House Speaker Nancy Pelosi spoke of a defining moment in history for the US.
Praising Mr Obama’s "bold" vision for the nation’s future, Mrs Pelosi described him as "honouring American values, a belief in personal responsibility, in community, in hard work".
Mr Obama, 47, will formally accept the party’s nomination when he addresses a crowd of 80,000 at a sports stadium on Thursday night, fresh from touring electoral battlegrounds.
The first African-American to be nominated as a US presidential candidate, he will stand against Republican John McCain in the 4 November ballot.
The Democrats hope their national convention in Colorado will show the Illinois senator as a family man and heal the rifts of the primary race.
Senator Edward Kennedy addresses the delegates
In an assured speech, Mrs Obama talked of being raised with the same values as her husband: "That you work hard for what you want in life; that your word is your bond and you do what you say you’re going to do; that you treat people with dignity and respect."
She went on: "We want our children and all children in this nation, to know that the only limit to the height of your achievements is the reach of your dreams and your willingness to work for them."

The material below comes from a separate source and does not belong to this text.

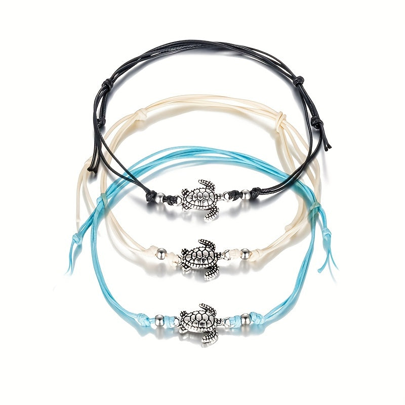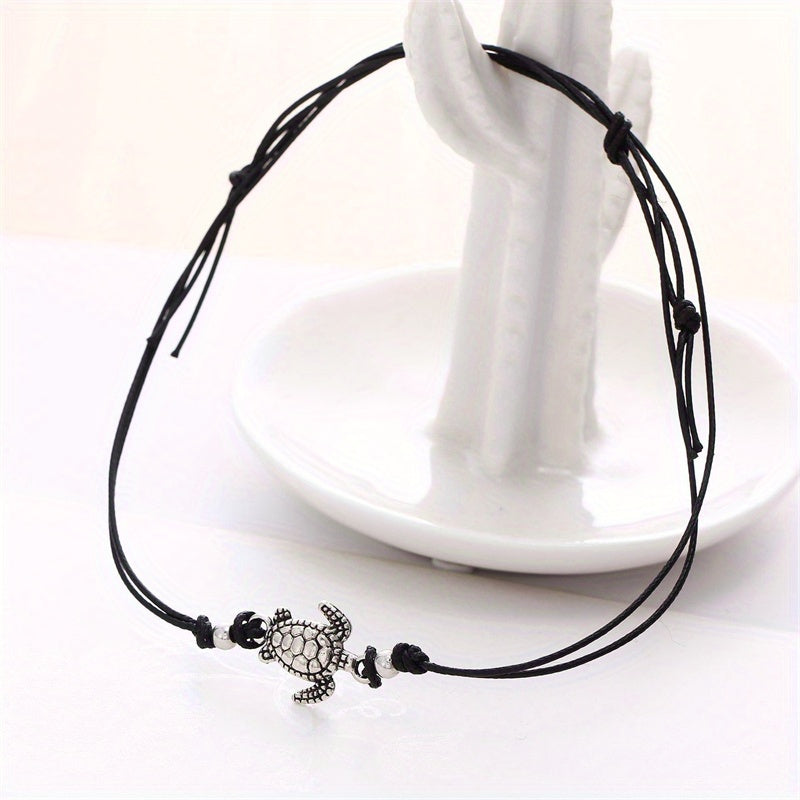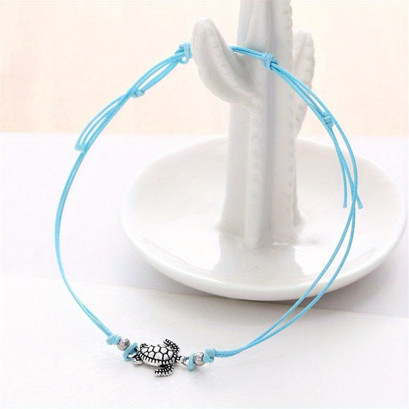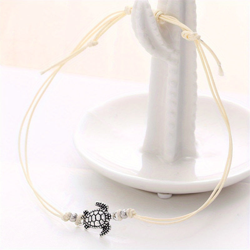 This waterproof wax thread ankle bracelet features turtle shape beads, perfect for adding a touch of ocean style to your look.

The couple’s two young daughters, Sasha and Malia, then joined their mother on stage as Mr Obama spoke by satellite video link-up from Missouri.
Earlier, Mr Kennedy, the 76-year-old scion of the iconic Democratic family, appeared on stage to loud cheers.
"I have come here to stand with you to change America, to restore its future, to rise to our best ideals and elect Barack Obama president of the United States," he said.
His niece, Caroline Kennedy, who had introduced a video homage to Mr Kennedy shortly before, paid her own emotional tribute to both him and Mr Obama.
"Their stories are very different but they share a commitment to the timeless American ideals of justice and fairness, service and sacrifice, faith and family," she said.
"Leaders like them come along rarely. But once or twice in a lifetime, they come along just when we need them most."
Mr Obama’s half-sister, Maya Soetero-Ng, earlier spoke of a shared upbringing in which she and her brother learned that with hard work and imagination they could "dream the improbable".
‘Strength and unity’
Party officials have played down the scope for discord between supporters of Mr Obama and Hillary Clinton, who was his chief rival for the nomination.
Opening the convention, Democratic chairman Howard Dean spoke of "the strength and unity of our party".
Mrs Clinton herself, addressing delegates from her home state of New York on Monday, urged them to throw their support behind Mr Obama.
She will give a speech to the convention on Tuesday and her husband and former president Bill is to speak on Wednesday.
More than 4,000 Democratic delegates and tens of thousands of officials, activists, protesters and journalists have descended on Denver for the event.